DARBY:  I thought of my kids.  My daughter and I are like best friends, and my granddaughter.  And I just couldn‘t tell them.  I just - I wanted to.  So many times. 

WILLIAMS:  When you found out that you had been found out, what was it like for you? 

DARBY:  I had to keep a stiff upper lip for my grand babies, because they were there.  He said, Linda, because he knew me, he said, Linda, “I need to talk to you.”  And when I walked out the door, I said, “What is it?”  He said, “I have a warrant.”  I said, “What‘s it about?”  And he said, “I need you to come down to the station and talk to me.” 

My babies were crying.  I‘m sorry, you know, I didn‘t mean to mislead anybody, but I didn‘t want to go back to something and pay for somebody else‘s crime.  This is who I am.  This is who I am.  I‘m not - I‘m not a murderer.  I just don‘t know how it - how they ever convicted me.  I really don‘t, because I didn‘t do it. 

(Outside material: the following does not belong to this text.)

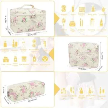 Makeup Bag Set, Quilted Floral Cosmetic Bag for Women, Cute Cotton Makeup Bags
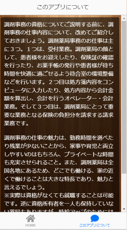 Es una aplicación para estudiar para el examen de calificación del trabajo de oficina de farmacia dispensadora.

ABRAMS:  Joining me now is the reporter who conducted that interview, Cynthia Williams, from WSMV, and on the phone Captain John Dickey, from the Pulaski, Tennessee Police Department where Linda Darby was caught. Thanks to both of you for coming on.  Appreciate it.  All right.  Captain, how did you finally catch her? 

CAPTAIN JOHN DICKEY, PULASKI, TENNESSEE POLICE DEPARTMENT (on the phone):  Well, the authorities in Indiana had contacted our investigative division last Thursday and proved they‘re in for sharing information with one another.  They were able to make a positive identification of Ms.  Darby. 

ABRAMS:  Cynthia, she sounds like she is still maintaining her innocence in connection with the trial. Did she get a fair trial as far as you know? 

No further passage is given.